What if we want to rename a file as follows rename(“foo”, “fuzzy”). This is an operation that uses several writes.

First the system will locate the working directory’s inode number by examining the process table and reading into RAM
The directory data is loaded into RAM and “foo” is found. “foo” is then changed to “fuzzy” in the directory’s data.
At some point, we will write the cache to disk.

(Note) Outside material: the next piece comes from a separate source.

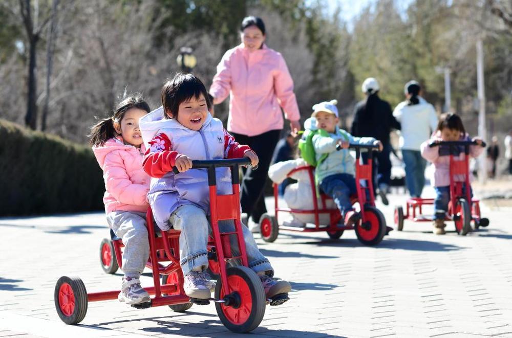 △2025年3月19日,在內(nèi)蒙古鄂爾多斯康巴什區(qū)一所托育園,老師陪伴孩子做體能游戲。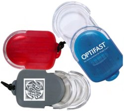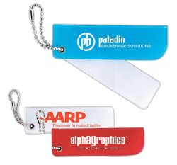 This Magnifier is a 4X magnifiery that comes with a key chain. It measures 1" X 1/4" X 2" and provides an imprint area of 2 1/4" X .69". Available in Blue or Red. Less than $ 1.90 each in the minimum of 100.

Using this method proves to be problematic. If there are multiple renames, and power loss is experienced in the middle of the operation, some files could get renamed while others are not. Furthermore, if a crash happens we could lose the fact that a rename was done in the first place. We could also experience a free space leak because the block bitmap could say that a block is in use when in reality it no longer is. Finally, we could encounter a situation where rename from one directory to another, but a crash causes the two directory entries to point to the same file. In this situation, the corresponding inode would only have a link count of 1. One way to fix this would be to temporarily increment the inode link count before the name change and then reset it after the operation is complete.

File System Invariants

When maintaing or using a file system, a record of important properties must always be kept on disk. File system invariants are statements that should always be true no matter what, even if the system crashes. There are many invariants, but with respect to file system, we focus on the following four BSD file system invariants:

Every block is used for exactly one purpose. In other words, a block has the option of serving as the boot sector, superblock, bitmap block, inode table, or data block. It can never fulfill more than one of these roles.
All referenced blocks are appropriately initialized according to that block's purpose.
All referenced data blocks are marked as used in the bitmap.
All unreferenced data blocks are marked as free in the bitmap.

Violation Penalties

Violating invariant 1 results in disaster. More specifically, the kernel could crash, data could be overwritten, bitmap could be overwritten, etc.
Violating invariant 2 results in disaster. More specifically, uninitialized blocks could cause the system to look at random data, follow null pointers, and in the worst case crash the operating system.
Violoating invariant 3 results in disaster. More specifically, data in blocks not marked as used could be overwritten. Data loss is a condition for disaster.
Violating invariant 4 results in a storage leak, but not a disaster. More specifically, unreferenced but marked data blocks may cause a decrease in efficiency and/or storage space.

fsck

This function can be used to recover lost files after a reboot. It works by looking through the raw device to find files that have link counts of 0 but are still marked as not free by the bit map. It then takes the bits found within these files and writes them to a file before putting all of the recovered files into a directory called /lost+found. Then makes these files only readable to root for security reasons.

Gzip Bug Continued

Let's now return to the bug in gzip. The reason for the potential loss of data is due to the fact that the disk will process requests out of order in most cases. This will sometimes cause the unlink to take place before the writes which is not bad in most cases, but if the system crashes before the writes take place and after the unlink then all of the data will be lost. There is however a fix being uploaded to the next version of gzip. To fix the bug in gzip, the statement:

If(fsync(ofd) != 0) Error();

Should be added right in between the two file closings. The fsync function forces the hardware to actually run all of the writes before unlinking the file. This way the file cannot be lost if a system crash occurs before all the writes have processes. Although this slows the program considerably, the safety of knowing your data is safe is sometimes worth the performance hit. However, this could be made to be much faster if the system simply knew that all the writes must be done before the unlink. This way the function could run other processes instead of the writes but avoid the potentially fatal unlink. Currently, there is no way to tell the kernel to do this.